Can do


I’ve been feeling a little overwhelmed lately, primarily from pressure I exert on myself. Fun times. I’m looking for a new job, trying to lose weight, trying to figure out how to buy a house, figuring out where that house should be, figuring how the hell we’re going to afford that on one income; you get the idea. None of these are small decisions and I’ve been drowning under a constant feeling of “I can’t do it.”

Typically, I keep most of this to myself, due to the fact that HH has her own set of issues to deal with; Is Skyler ready for potty training, why won’t Lexie’s tooth break through, is there time for one more load of laundry before I pass out and what the hell are we having for dinner. But last night, I was really upset and so I was telling her all this and she stops me and says “Why are you so focused on the things you can’t do?”
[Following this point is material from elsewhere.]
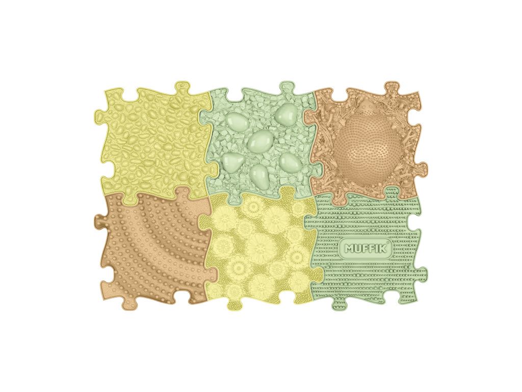 Jarní set nabízí jedinečnou kombinaci měkkých a tvrdých podložek, včetně dvou 3D typů (Ježek a Twister), které intenzivně stimulují plosky nohou a trénují rovnováhu. Jemné pastelové tóny zelené a žluté evokují první jarní trávu, rozkvetlé louky a probouzející se přírodu – a přesně tak působí i na vaše chodidla.

And it was one of those moments. It was almost on the tip of my tongue to lash out, but I just said “You’re right.” Clearly, she was not expecting that, lol. She laughed, and was like “How can I even be mad now?”

But she was right. I was focusing on what I can’t do like Gollum on the Ring. Obsessing over it. So, of course, that’s what I was attracting. Can’t do it, can’t do it, can’t do it. Of course I can’t, with an attitude like that.

So I’m trying to focus on what I can do, right now.  I CAN send out my resume like my life depends on it.  I CAN start making better food choices for myself and my family today.  I CAN start a savings program that will help me afford a mortgage and closing costs.  And I can do a little more of each of these every day until the big goals don’t seem so daunting.  I WILL find a new job.  I WILL lose some weight.  And I WILL have almost $10K in a dedicated savings account within a year.

I just have to remember my headlights.  When driving at night, all you can see is the road within your headlights.  You can’t see your final destination, but you know that the road you’re on is taking you in the right direction.  It’s amazing what a little change in perspective can do for your overall frame of mind.  I think I might even see the sun beginning to rise over on the horizon!